- **TO DO**: Set the whole listing down again, word for word, with no pictures.

- **GIVEN DATA**:
+++++

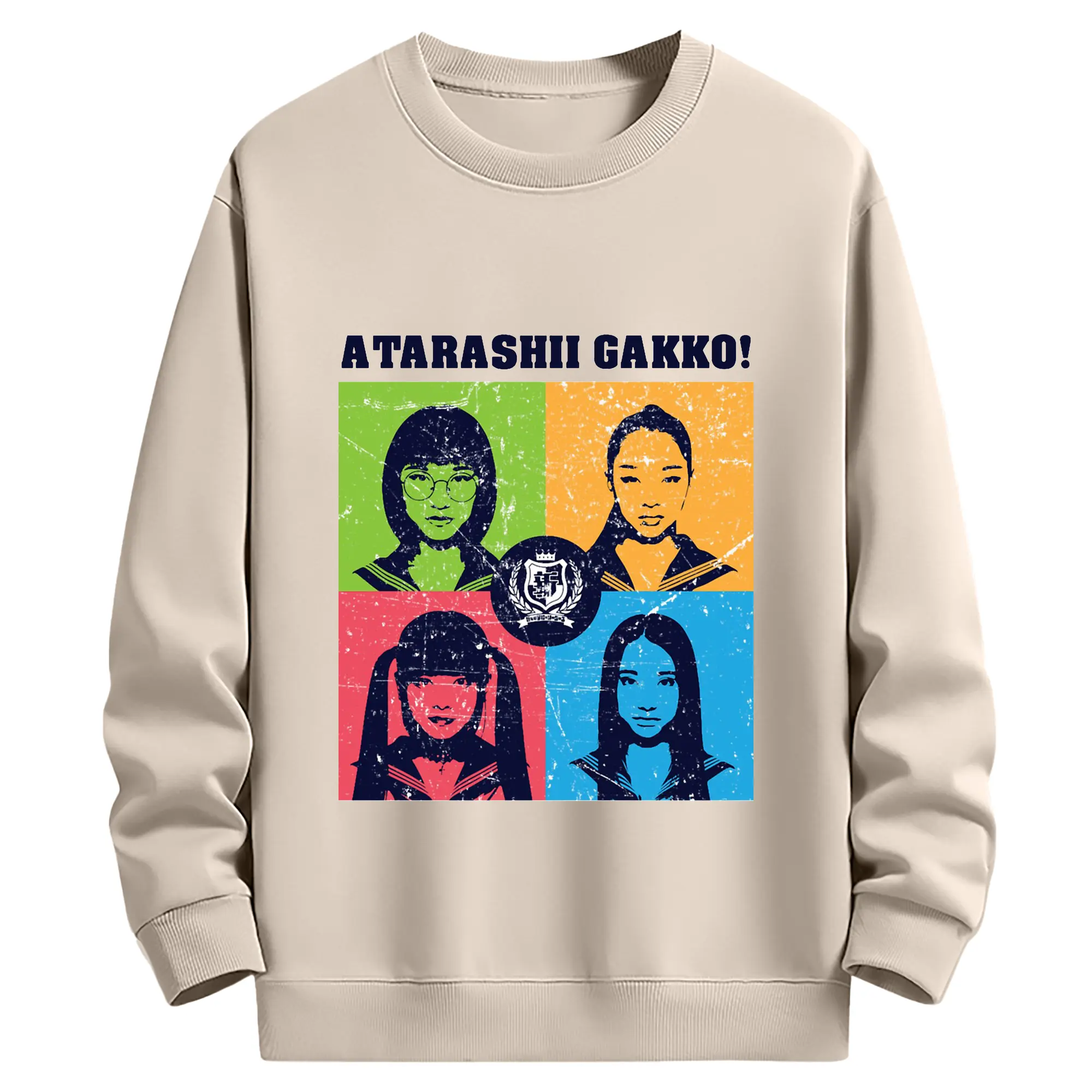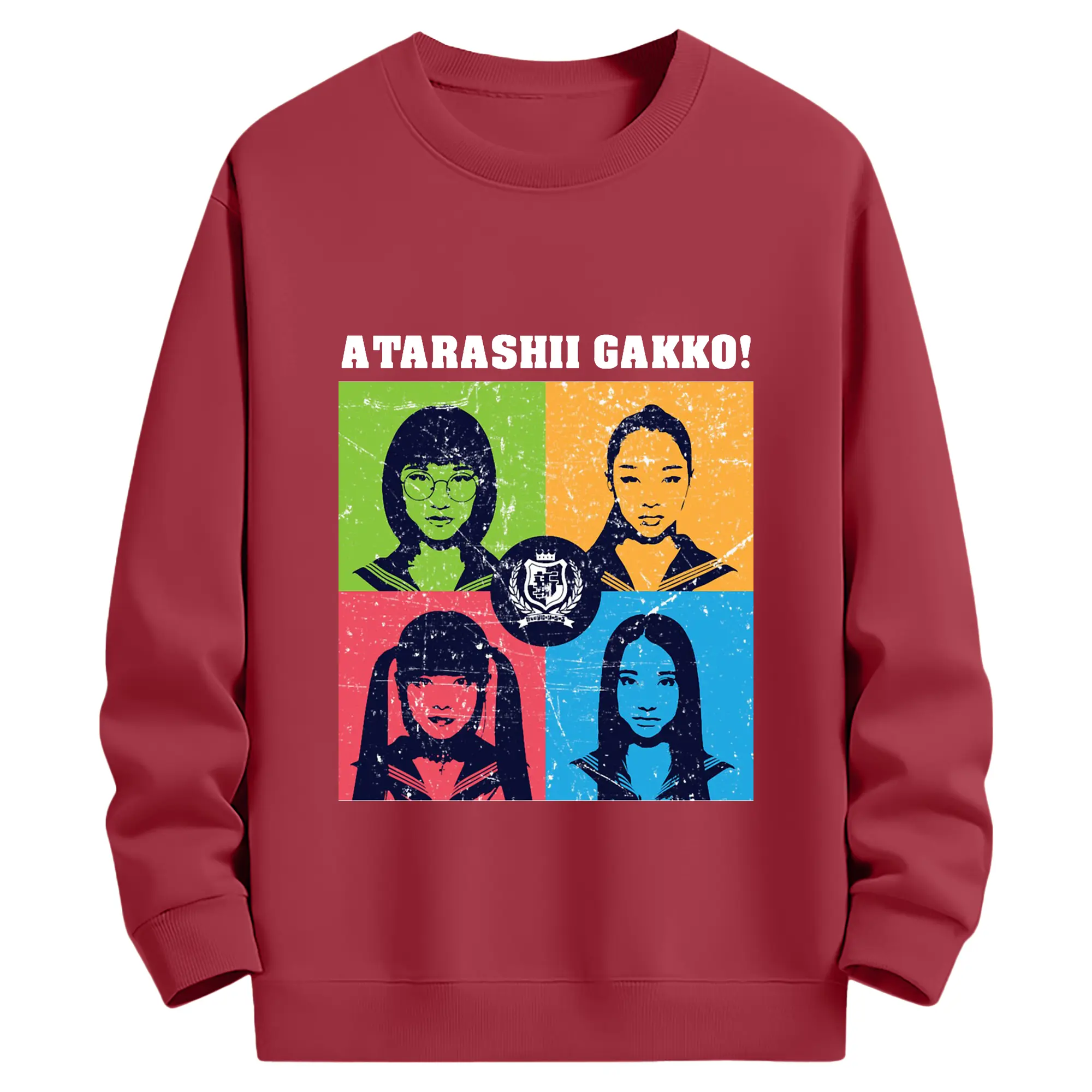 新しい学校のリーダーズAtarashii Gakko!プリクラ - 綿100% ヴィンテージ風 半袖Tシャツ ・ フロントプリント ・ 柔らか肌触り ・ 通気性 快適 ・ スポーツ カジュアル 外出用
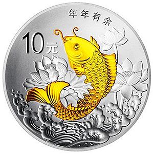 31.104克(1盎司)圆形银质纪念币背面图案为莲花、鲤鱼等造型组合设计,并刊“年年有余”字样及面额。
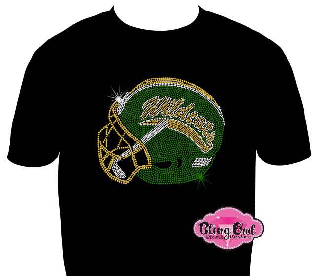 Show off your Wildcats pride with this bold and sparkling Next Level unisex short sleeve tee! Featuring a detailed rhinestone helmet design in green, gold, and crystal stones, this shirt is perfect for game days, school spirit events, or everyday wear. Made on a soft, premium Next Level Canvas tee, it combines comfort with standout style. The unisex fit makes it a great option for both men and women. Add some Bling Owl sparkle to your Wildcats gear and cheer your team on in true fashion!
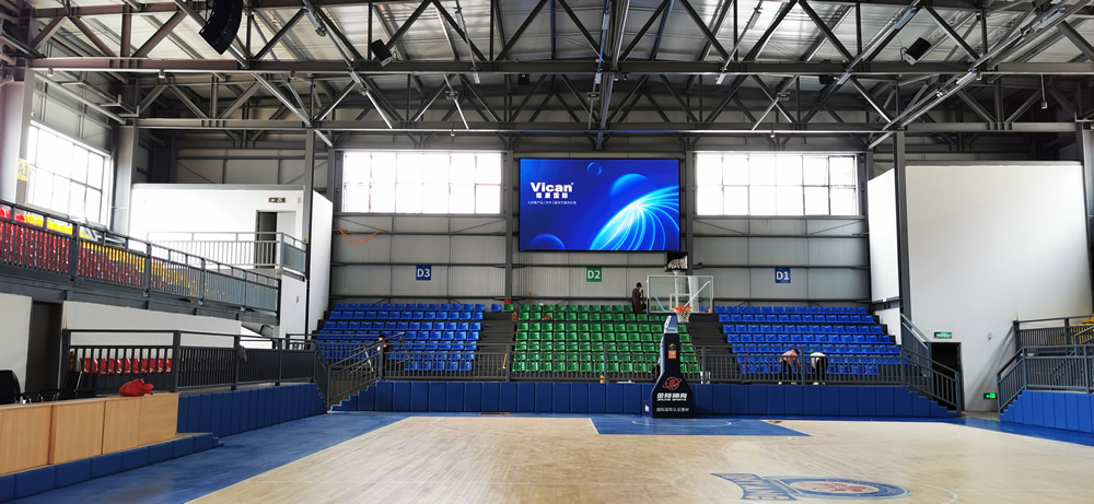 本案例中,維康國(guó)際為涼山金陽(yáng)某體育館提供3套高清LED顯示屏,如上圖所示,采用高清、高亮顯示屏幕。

+++++

- **TASK RESULT**:
 新しい学校のリーダーズAtarashii Gakko!プリクラ - 綿100% ヴィンテージ風 半袖Tシャツ ・ フロントプリント ・ 柔らか肌触り ・ 通気性 快適 ・ スポーツ カジュアル 外出用
 31.104克(1盎司)圆形银质纪念币背面图案为莲花、鲤鱼等造型组合设计,并刊“年年有余”字样及面额。
 Show off your Wildcats pride with this bold and sparkling Next Level unisex short sleeve tee! Featuring a detailed rhinestone helmet design in green, gold, and crystal stones, this shirt is perfect for game days, school spirit events, or everyday wear. Made on a soft, premium Next Level Canvas tee, it combines comfort with standout style. The unisex fit makes it a great option for both men and women. Add some Bling Owl sparkle to your Wildcats gear and cheer your team on in true fashion!
 本案例中,維康國(guó)際為涼山金陽(yáng)某體育館提供3套高清LED顯示屏,如上圖所示,采用高清、高亮顯示屏幕。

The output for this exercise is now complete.